Не были Они. И вдруг стали.
Для каждого из «первых» вокруг появились не только стены, но и Такие же. Те, кто стали Они. Прекратили быть фоном вокруг, когда есть только ты и что-то сзади, слева, справа... Теперь каждый из этих «бывших» различал какую-то одинаковость в других. Как будто вокруг двигались кривые зеркала.
На границах памяти брезжили непонятные картинки. Сны. Там всё показывалось другим, там были пещеры. По ним ходила еда. И не пыталась убежать.
Наверное, каждый из них видел что-то подобное в своей голове. Поэтому Они и шли дальше.
***
Двигаться больно. Не двигаться смертельно.
Саша залез на перила, опираясь на стену и на плечо Маши. Одну ногу переставил на ручку ближайшей к перилам двери квартиры. Распределил равновесие. Медленно выпрямился. Ухватился руками за края люка. Понял, что не должен свалиться, и взялся за замок.
Шик-шрык — пошатываясь начал выуживать его из узкой петли.
Дымно.

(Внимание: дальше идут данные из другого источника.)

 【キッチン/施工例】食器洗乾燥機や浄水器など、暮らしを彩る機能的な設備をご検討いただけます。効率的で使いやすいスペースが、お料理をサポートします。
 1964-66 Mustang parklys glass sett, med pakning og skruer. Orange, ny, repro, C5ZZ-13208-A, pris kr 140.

Глаза ещё не щиплет, но каждый вдох напоминает о пожаре.
Возня на первых этажах.
«Бывшие» идут.
***
О, еда.
Все Они почуяли — еда может быть и в этой пещере.
Тёплая.
Пахнущая.
Шумная.
Шуметь могло или ничто. Или еда.
Ничто — это когда прибегаешь на шум. А там ничего и не шумит. Или что-то шумит само по себе. Хлопает, катится или шуршит от того, что в то же время холодит щеку… Ничтошум.

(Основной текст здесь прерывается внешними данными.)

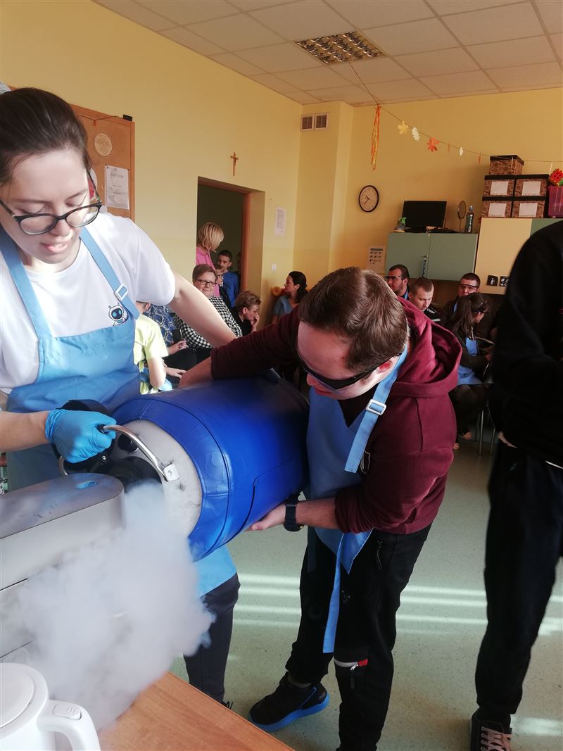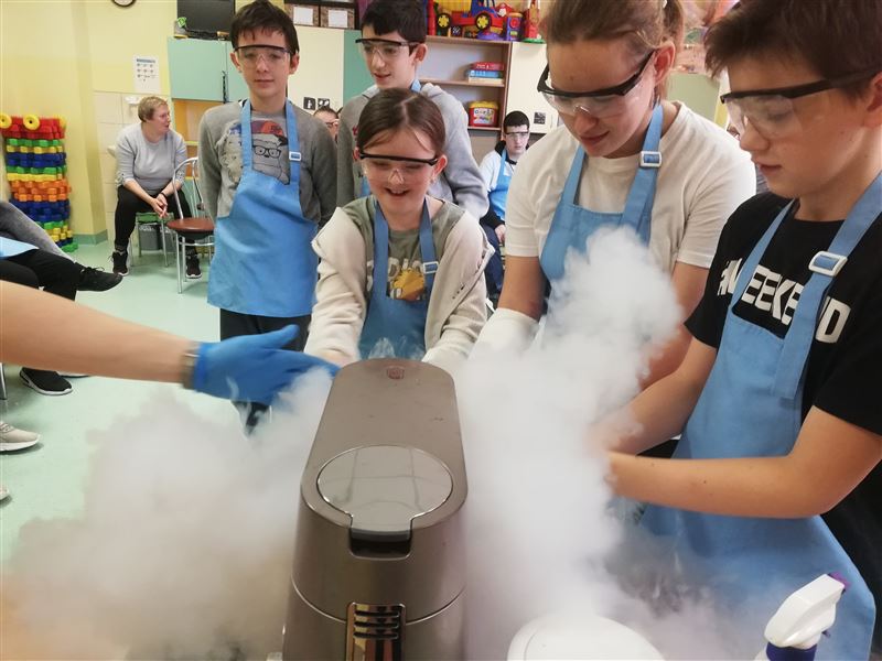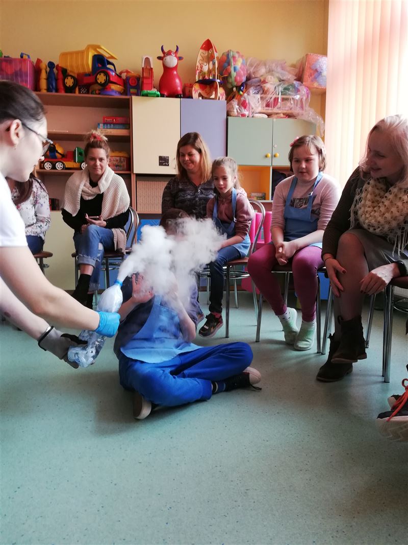 Odkryliśmy tajemnice samopompujących się balonów, dymiących smoczych chrupków, parowego gejzeru, rosnącej piany, zamarzanych róż oraz zamarzanej podłogi. Za pomocą ciekłego lodu o temperaturze -80 stopni przyrządziliśmy lody sorbetowe, które następnie próbowaliśmy. Coś pysznego!

Он всегда заканчивается не едой.
А шумящая еда — это еда. Пахнущий шум. Погоня. Карабканье. Выковыривание. Вытаскивание. Крик, скуление, дурной запах. Шум еды всегда заканчивается одним и тем же. Дёргающаяся еда, писк и звуки вроде «господи, господи… я же вам ничего не...».
Шум сегодня — это и шум еды, и ничтошум.
Одновременно.
Слишком много нового для этого дня. Так решил бы, если бы умел делать выводы, сметливый «первый», шедший по пещере вторым.
***
Саше почему-то снова захотелось жить. Зачем и как — не важно. Просто. Наверное, обычная генетика. Эволюционная закладка для размножения вида. Расхотелось умирать, а ради чего жить — непонятно. Может быть, мы никогда и не живем ради чего-то? Даже если вдруг так считаем. Всегда просто живём.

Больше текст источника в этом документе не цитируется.